Young or old, rich or poor, we all get dry mouth. It's one of society's great levellers. But that doesn't mean you have to suffer through it. Specialty breath freshening products can wet the tongue and target breath odor. As a bonus, they focus on the bacteria that multiply furiously on a dry palate, and they do so without relying on electric shocks (see below).
Is anyone at an especially high risk of getting cottonmouth? Sure. Elderly adults are a bit more likely to get it, and so are patients who've had radiation treatment of the neck or jaw, but, generally speaking, we all have the same Sword of Dry-Mouthed Damocles hanging over us while we sleep.

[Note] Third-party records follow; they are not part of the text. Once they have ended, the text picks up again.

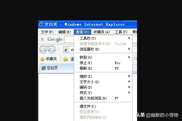 第二种:通过浏览器状态栏或工具栏中的点击 “查看”然后就用一项“查看源代码”,点击查看源代码即可查看此网页的源代码源文件。在微软IE下截图: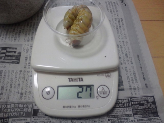 すでに2本目経過している状態の幼虫です。30グラムには届きませんがそこそこな大きさで羽化してくれることを願っています♪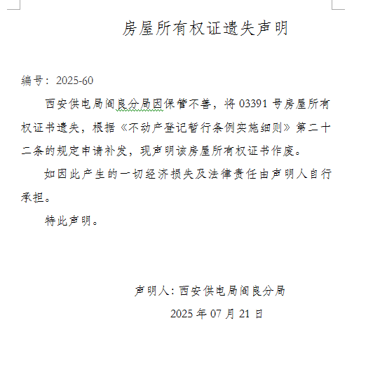 房屋所有權(quán)證遺失聲明 編號(hào):2025-60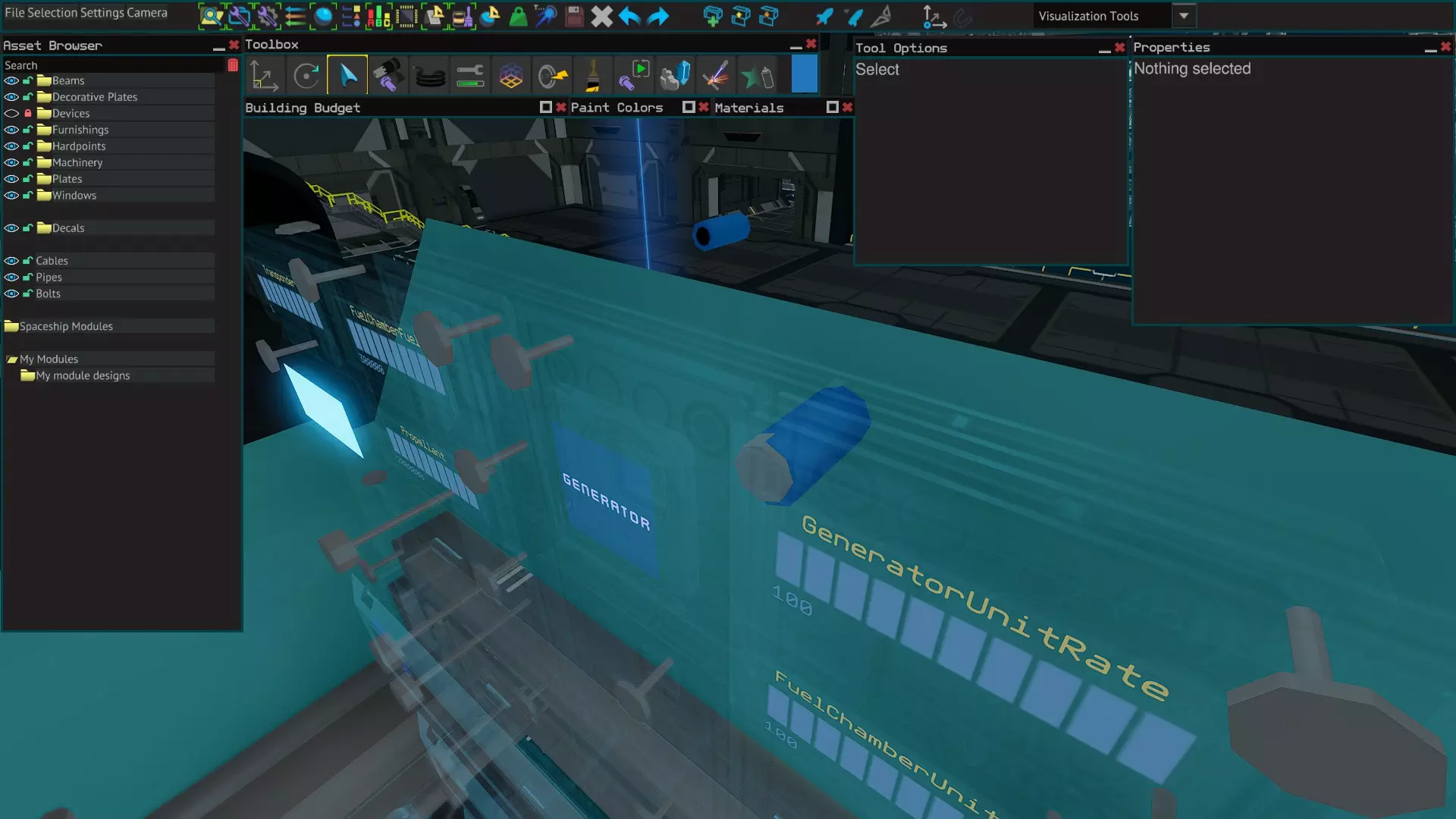 另一种螺栓连接方式是从空心部件(如货箱和推进剂罐)的内部进行。如果你正在设计一个结构紧凑且包含许多已放置部件的装置,这种方式会很实用,因为在这种情况下从外部可能难以看清连接位置。别忘了使用资源浏览器中的【隐藏】功能,以便更好地查看螺栓的放置位置。 接缝螺栓连接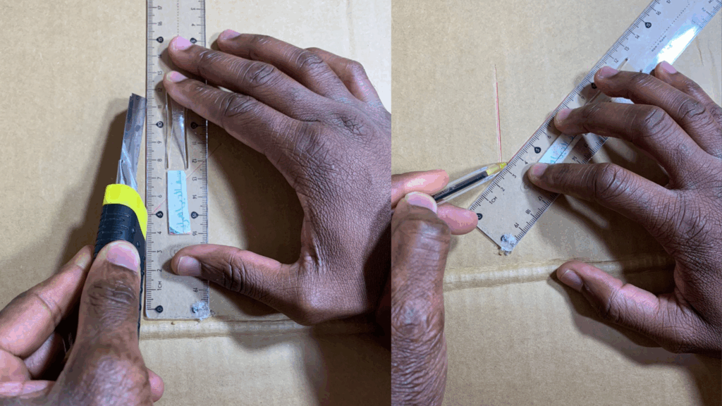 To build the house, I had to use cardboard since I didn’t buy a 3D printer machine. The most important part of the house is the door. While building it, I drew the shape of the door with a pen, of course, then I made the necessary cuts with a sharp knife to create a door that can open and close using the RC522 RFID and a tiny servo motor, SG90.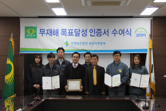 안전보건공단 부산지역본부(본부장 김병진)는 8일 본부 회의실에서 무재해를 달성한 (주)일광엔지니어링과 (주)포스코건설 해운대 LCT 신축공사현장에 무재해 목표달성 인증패 및 인증서를 수여하고 유공직원을 표창했다.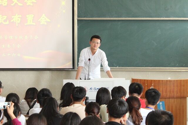 随后团委副书记甘伟进行发言。他表示本届员工会有两大亮点:第一,做事踏实;第二,集体荣誉感强。也正是在这两个亮点的作用下,本届员工会能够取得比较优秀的成绩。亮点有,但同时也存在一些问题,比如说部分委员没有尽到应尽的职责,做事情不积极,不主动,这些问题有待在后续的工作中解决。针对本届员工会的表现,甘伟提出一些建议和要求:作为员工会的成员,要遵守规矩,其次要提高动手能力,部门的创新与学习要常态化,并且要时刻反思,存在着哪些问题,应当怎样去改进,怎样让部门越来越好,让整个员工会越来越好。另外期末将至,甘伟提醒大家认真复习,积极备考,后期的暑期社会实践和迎新工作仍然需要大家全力以赴地去完成。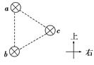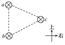 在等边三角形的三个顶点a,b,c处,各有一条长直导线垂直穿过纸面,导线中通有大小相等的恒定电流,方向如图.过c点的导线所受安培力的方向( )![]()

In fact, sleeping has a lot to do with it...
A nighttime problem
Plenty of conditions can cause dry mouth during the day. Anxiety, stress and even disorders like Sjogren's syndrome can leave the mouth dry as dust. (Likewise, smoking, drinking, exercising and excessive talking can parch your palate.) But, at night, there's one main cause of dryness, and that's sleeping with your mouth open.
It's pretty much unavoidable. While some people do it less often, it's virtually impossible to keep the jaws from opening a bit during the night and giving microbes the chance to run wild. In fact, this trend is so common that a recent study of radiotherapy patients suggested that all reports of dry mouth should be subcategorized as a "day" or "night" problem.
The National Institute of Dental and Craniofacial Research agrees. It recommends seeing a dentist or breath clinician as soon as possible, so that they can accurately diagnose what is causing your dry mouth.
How do they do it?
There are several ways that breath specialists pinpoint the source of xerostomia (the subjecitve sensation of dry mouth). First, they'll take a patient history, complete with plenty of questions about your oral health routine, your habits, your sleep schedule and your tendency to mouth-breathe.
Next, they'll give you a dental examination to see how your oral tissues look. They may even perform a salivary flow rate test. This exam uses finely calibrated tools (and relatively un-embarrassing methods) to precisely measure how much you salivate. It can be very accurate. In fact, a study published in the journal Interface Oral Health Science 2011 found that salivary flow rates can even be predicted, based on your gender and body weight.
Once you've been checked out, your breath clinician will probably recommend that you start using mouth-wetting specialty breath fresheners. Such products lubricate the tongue, replacing the missing moisture and eliminating bad breath.
These fresheners certainly work better than many other treatments for dry mouth. According to a report appearing in the journal Current Pharmaceutical Design, scientists have tried using pharmaceuticals, acupuncture, gene therapy and even electrostimulation.
Do these work? Some do, some don't, but it's rare to find ones as effective, inexpensive and side-effect-free as a good specialty mouthwash. Consider electrostimulation. According to a new study appearing in the journal Oral Surgery, Oral Medicine, Oral Pathology and Oral Radiology, it works all right. But is it cheap? Hardly.
The report explained that small electrical shocks, delivered from a battery-powered, retainer-like mouthpiece, can "wake up" the salivary glands. However, this form of treatment is experimental and, compared to a simple oxygenating mouthwash, may cost a fortune.
So before you go licking a nine-volt battery just to wet your whistle, consider gargling with an alcohol-free mouthwash instead. It gives bacteria a jolt without all the volts.